Given data:
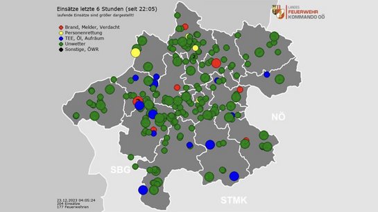Am Samstag, 23.12.2023 entspannte sich am Abend die Situation zunehmend. Sowohl die IntensitĂ€t der Sturmspitzen als auch die der RegenfĂ€lle nahmen ab und dies fĂŒhrte auch zu einer Entspannung bei den oberösterreichischen Feuerwehren. Trotzdem waren auch in der Nacht auf Sonntag, den 24.12.2023 rund 30 Feuerwehren im Einsatz, um SturmschĂ€den oder Ăberflutungen zu beseitigen.
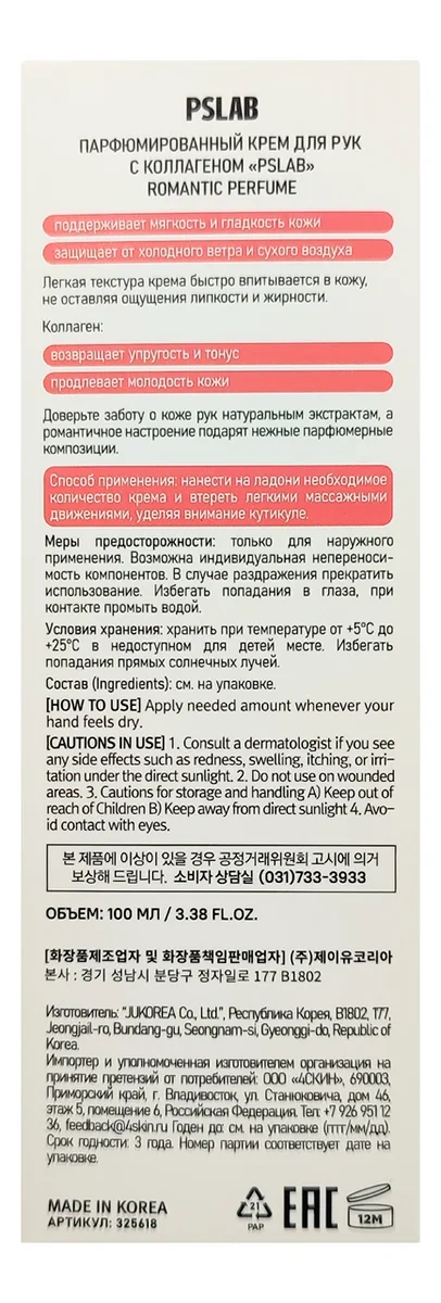Крем для рук PSLab Romantic парфюмированный с коллагеном, 100мл
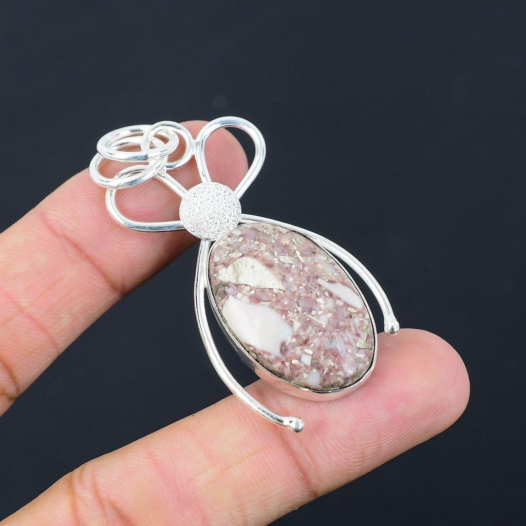 Easter Sale 925 Sterling Silver Red Brecciated Mookaite Stone Pendant Jewelry
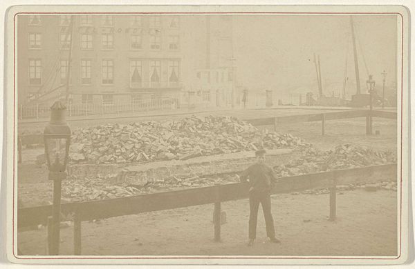 Curator: At first glance, there's a compelling tension between order and chaos. The architectural rigor of the building is juxtaposed against what appears to be a floral avalanche cascading down the steps. Editor: Indeed. This photograph, quite possibly from 1946, captures Princess Juliana on the balcony. The piece, entitled "Prinses Juliana op het bordes" by K. Raucamp, is a gelatin-silver print here in the Rijksmuseum collection. Note how the stark black and white enhances the somber, almost reverential, mood. Curator: Precisely. The tonality reinforces that mood, yes. Notice the texture, how the granular quality of the gelatin-silver print emphasizes the sheer quantity and mass of flowers. Semiotically, the flowers serve as a collective symbol—an outpouring of emotion. Editor: But also, I’m drawn to the labor involved. Think of the hands that cultivated, picked, arranged, and transported these blossoms. This isn't just an image of royalty; it is equally a document of mass mobilization. These are likely post-war commemorations. The flowers themselves – ephemeral, perishable goods – point to the cycles of production, consumption, and ultimately, decomposition. Curator: A powerful observation. Looking at it from a compositional viewpoint, though, it seems evident the way the photographer utilizes diagonals is particularly strong here—note how the flowers spill down the staircase drawing the eye upwards. Editor: And downwards as well— towards that lone figure in the foreground, presumably a security person. His very rigid form contrasts so sharply with the fluidity of flowers, embodying the work of securing this national symbol. Curator: An intentional interplay, no doubt, meant to underscore the weight of leadership against the backdrop of popular support. This print skillfully balances form and concept, capturing a precise moment in history while prompting us to contemplate broader, almost universal themes. Editor: Precisely. Thinking through the labor of image creation reminds us photography's connection to the real and imagined lives of a whole nation at that time. I find the historical lens fascinating.

Required action: Every line of the data above is to be set down exactly; the pictures are not.

Solution for this problem:
Am Samstag, 23.12.2023 entspannte sich am Abend die Situation zunehmend. Sowohl die IntensitĂ€t der Sturmspitzen als auch die der RegenfĂ€lle nahmen ab und dies fĂŒhrte auch zu einer Entspannung bei den oberösterreichischen Feuerwehren. Trotzdem waren auch in der Nacht auf Sonntag, den 24.12.2023 rund 30 Feuerwehren im Einsatz, um SturmschĂ€den oder Ăberflutungen zu beseitigen.
Крем для рук PSLab Romantic парфюмированный с коллагеном, 100мл
 Easter Sale 925 Sterling Silver Red Brecciated Mookaite Stone Pendant Jewelry
 Curator: At first glance, there's a compelling tension between order and chaos. The architectural rigor of the building is juxtaposed against what appears to be a floral avalanche cascading down the steps. Editor: Indeed. This photograph, quite possibly from 1946, captures Princess Juliana on the balcony. The piece, entitled "Prinses Juliana op het bordes" by K. Raucamp, is a gelatin-silver print here in the Rijksmuseum collection. Note how the stark black and white enhances the somber, almost reverential, mood. Curator: Precisely. The tonality reinforces that mood, yes. Notice the texture, how the granular quality of the gelatin-silver print emphasizes the sheer quantity and mass of flowers. Semiotically, the flowers serve as a collective symbol—an outpouring of emotion. Editor: But also, I’m drawn to the labor involved. Think of the hands that cultivated, picked, arranged, and transported these blossoms. This isn't just an image of royalty; it is equally a document of mass mobilization. These are likely post-war commemorations. The flowers themselves – ephemeral, perishable goods – point to the cycles of production, consumption, and ultimately, decomposition. Curator: A powerful observation. Looking at it from a compositional viewpoint, though, it seems evident the way the photographer utilizes diagonals is particularly strong here—note how the flowers spill down the staircase drawing the eye upwards. Editor: And downwards as well— towards that lone figure in the foreground, presumably a security person. His very rigid form contrasts so sharply with the fluidity of flowers, embodying the work of securing this national symbol. Curator: An intentional interplay, no doubt, meant to underscore the weight of leadership against the backdrop of popular support. This print skillfully balances form and concept, capturing a precise moment in history while prompting us to contemplate broader, almost universal themes. Editor: Precisely. Thinking through the labor of image creation reminds us photography's connection to the real and imagined lives of a whole nation at that time. I find the historical lens fascinating.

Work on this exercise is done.